- [Data extract]:
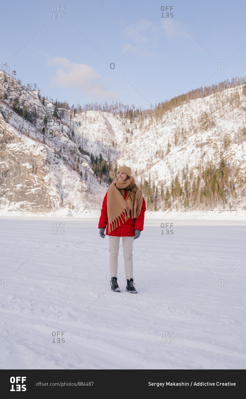 Frozen woman wrapped in scarf on winter day
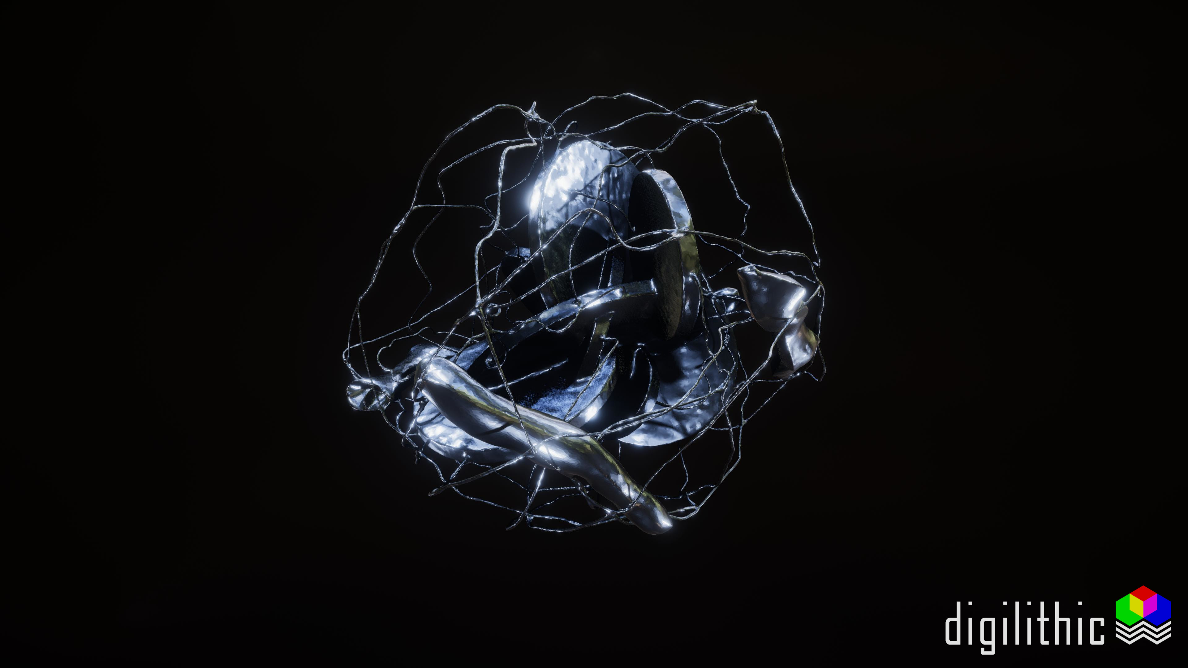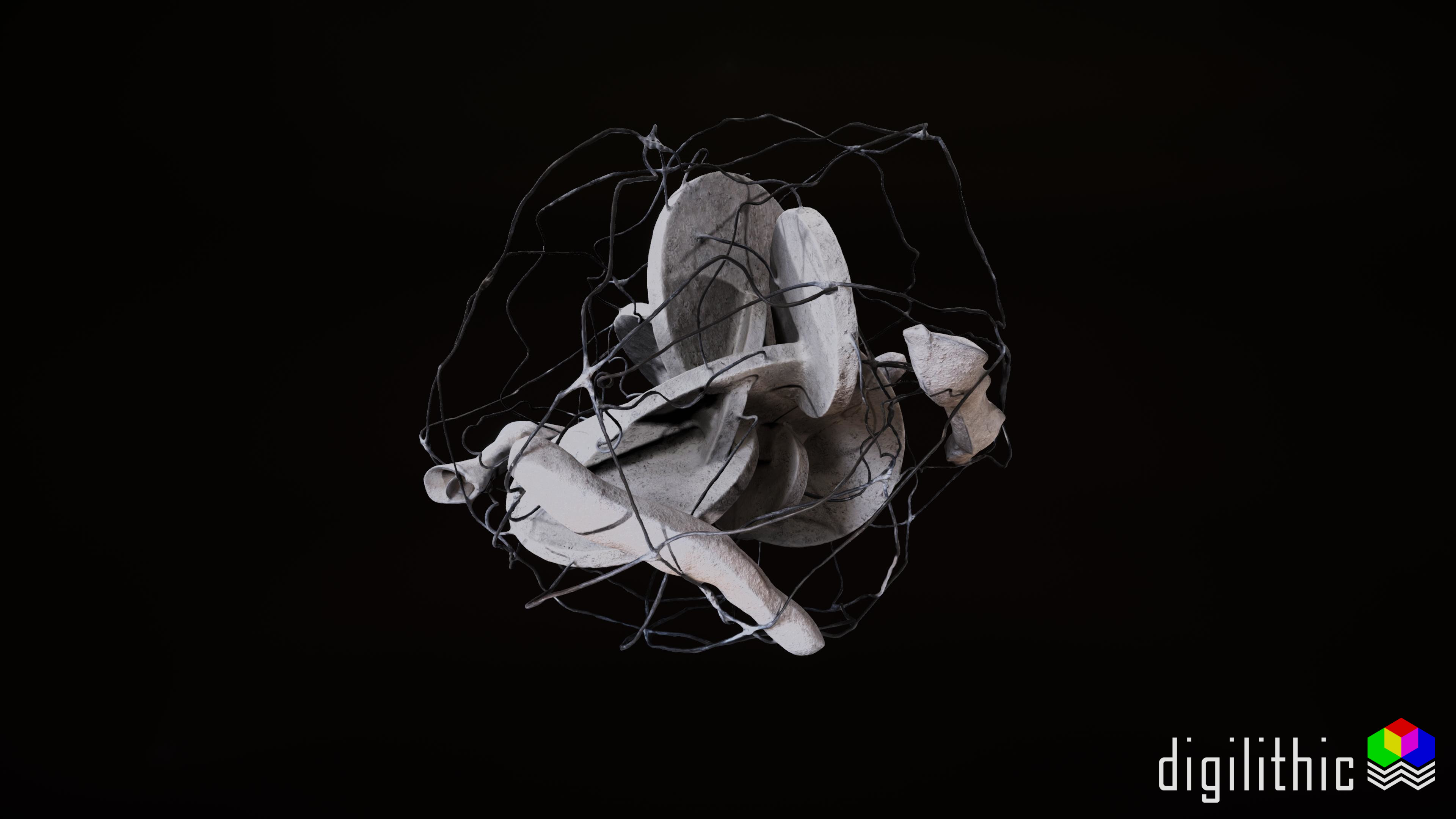 The massive construct wants to be light and seen from all angles, however for the scanning process it had to stand still to be able to capture all sides of the wires and forms. Still, in the end some of the wires had to be complemented by remodeling them. Watch this and further art of Loys Egg athis webpage: Loys Egg.
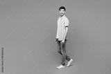 Full body side profile view smiling happy young man he wears pink shirt t-shirt casual clothes walk go look camera isolated on plain pastel light purple background studio portrait. Lifestyle concept.
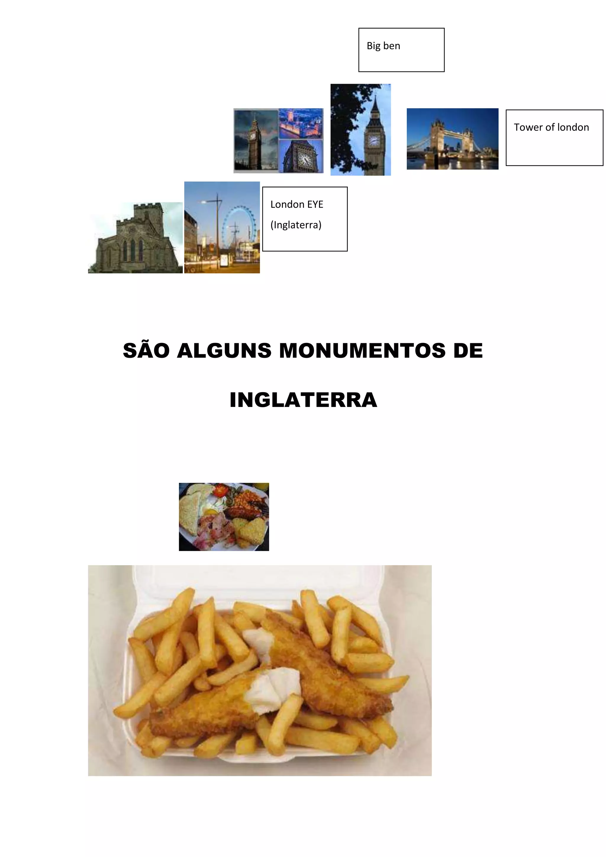A Inglaterra é uma monarquia parlamentarista com libra esterlina como moeda. Seu clima é temperado com chuvas frequentes e invernos amenos. Pontos turísticos incluem a London Eye, Torre de Londres e Big Ben, enquanto a culinária tradicional consiste de peixe e batatas fritas.

- [Your task]: With all pictures left out, please transcribe exactly the lines from the start of the material through the line with "The massive construct".

- [Solution for this exercise]:
 Frozen woman wrapped in scarf on winter day
 The massive construct wants to be light and seen from all angles, however for the scanning process it had to stand still to be able to capture all sides of the wires and forms. Still, in the end some of the wires had to be complemented by remodeling them. Watch this and further art of Loys Egg athis webpage: Loys Egg.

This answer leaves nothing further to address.